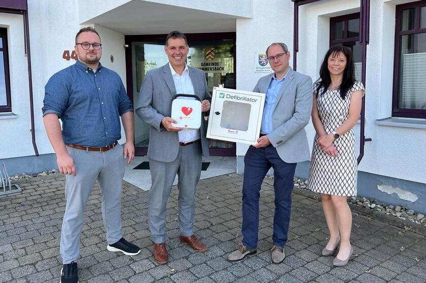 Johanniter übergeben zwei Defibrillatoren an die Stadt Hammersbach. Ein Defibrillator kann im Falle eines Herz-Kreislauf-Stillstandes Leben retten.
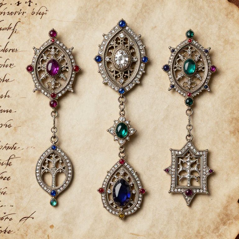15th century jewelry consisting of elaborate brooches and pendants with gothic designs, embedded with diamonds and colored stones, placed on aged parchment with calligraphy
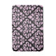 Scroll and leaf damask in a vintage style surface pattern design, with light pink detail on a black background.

#### [TASK DIRECTIONS]
What you give back must match the material above exactly, minus its pictures.

#### [REPLY TO THE TASK]
 Johanniter übergeben zwei Defibrillatoren an die Stadt Hammersbach. Ein Defibrillator kann im Falle eines Herz-Kreislauf-Stillstandes Leben retten.
15th century jewelry consisting of elaborate brooches and pendants with gothic designs, embedded with diamonds and colored stones, placed on aged parchment with calligraphy
 Scroll and leaf damask in a vintage style surface pattern design, with light pink detail on a black background.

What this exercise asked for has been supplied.